The United States Constitution, Article I, Section 2, Clause 1, provides that members of the House of Representatives shall be chosen every second year by the people of the several states, and that the electors in each state shall have the qualifications required for electors of the most numerous branch of the state legislature. Article I, Section 4, Clause 1 provides that the times, places and manner of holding elections for United States Senators and Representatives shall be prescribed in each state by the legislature thereof.

The claim of the appellants in this Court is essentially that N.M.Stat.Ann. § 1-8-8(A) (Supp.1979), as that statute has been applied to them by the Secretary of State, is unconstitutional in that it violates Article 1, Section 2, Clause 1 of the United States Constitution, and the First and Fourteenth Amendments to the Constitution by denying Skeen accéss to the general election ballot, and by denying the other appellants equal protection of the laws and the right to associate for political purposes, and by burdening their right to cast a meaningful and effective vote. As indicated at the outset, we are not persuaded by this broad-scaled challenge to the New Mexico statute, and we reject the suggestion that the people of the Second District will not be selecting their Congressman in the forthcoming general election.

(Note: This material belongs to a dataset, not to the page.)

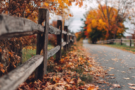 Rustic Wooden Fence Along Country Road with Vibrant Fall Foliage
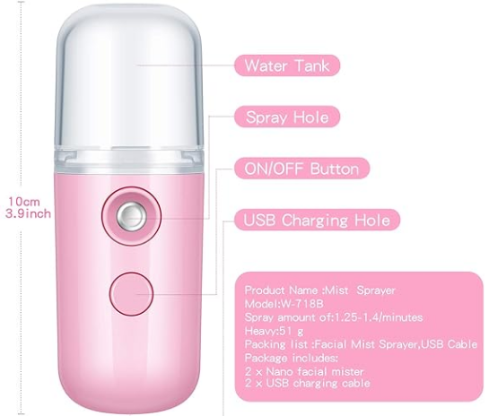 - Operate easily: this portable mini face humidifier is easy to operate, when you need to use it, just fill it with mineral water, and then press the switch, it will automatically emit a soothing cool feeling, USB charging is also easy to use, satisfying your daily needs; Please be careful not to use it while charging to prevent potential safety hazards; It can be applied after about 1 hour of normal charging

N.M.Stat.Ann. § l-8-8(A) (Supp.1979), here under attack, should be viewed in its statutory context. 2 Under New Mexico law all nominations by political parties of candidates for public office must be made pursuant to its Election Code. N.M.Stat.Ann. § 1-7-1 (1978). Any major political party in New Mexico must nominate its candidates by secret ballot at a primary election. N.M.Stat.Ann. § 1-8-1 (1978). A major party candidate for United States Representative may have his name placed on the primary election ballot by receiving a certificate of designation by his state party convention. N.M.Stat.Ann. § l-8-21(A) (1978). In order for a would-be New Mexico candidate for Congress to be considered by his state party convention he or she must file, within a specific time prior to the state convention, a declaration of candidacy for convention designation, accompanied by a nominating petition. -N.M.Stat.Ann. § 1-8-22 through § 1-8-88 (1978 and Supp.1979).

Against this statutory backdrop, we review, again, the sequence of events leading to the present controversy, which events are not in dispute. Congressman Runnels and Gil M. Olguin made timely filing of their respective declarations of candidacy. Each received a designation at their party convention, and the name of each appeared on the primary ballot. By winning the primary contest, Congressman Runnels became the Democratic party candidate for Congress. The Republican party, in contrast, held no primary election for Congress for the Second District, because no one filed a declaration of candidacy for that office, as required by New Mexico statute. As indicated, it was in this setting, i. e., Congressman Runnels was an unopposed candidate for Congress from the Second District, that he died on August 5, 1980.

In arguing for reversal, counsel states that this is a unique case, unlike any other reported case, and he would apply, by analogy, the reasoning of cases relating to mal-apportionment and residency requirements. See, for example, White v. Weiser, 412 U.S. 783, 93 S.Ct. 2348, 37 L.Ed.2d 335 (1973); Dunn v. Blumstein, 405 U.S. 330, 92 S.Ct. 995, 31 L.Ed.2d 274 (1972); Wells v. Rockefeller, 394 U.S. 542, 89 S.Ct. 1234, 22 *710 L.Ed.2d 535 (1969); and Wesberry v. Sanders, 376 U.S. 1, 84 S.Ct. 526, 11 L.Ed.2d 481 (1964). We do not believe the present case is in reality analogous to those cases, and feel that Storer v. Brown, 415 U.S. 724, 94 S.Ct. 1274, 39 L.Ed.2d 714 (1974), for example, is more helpful.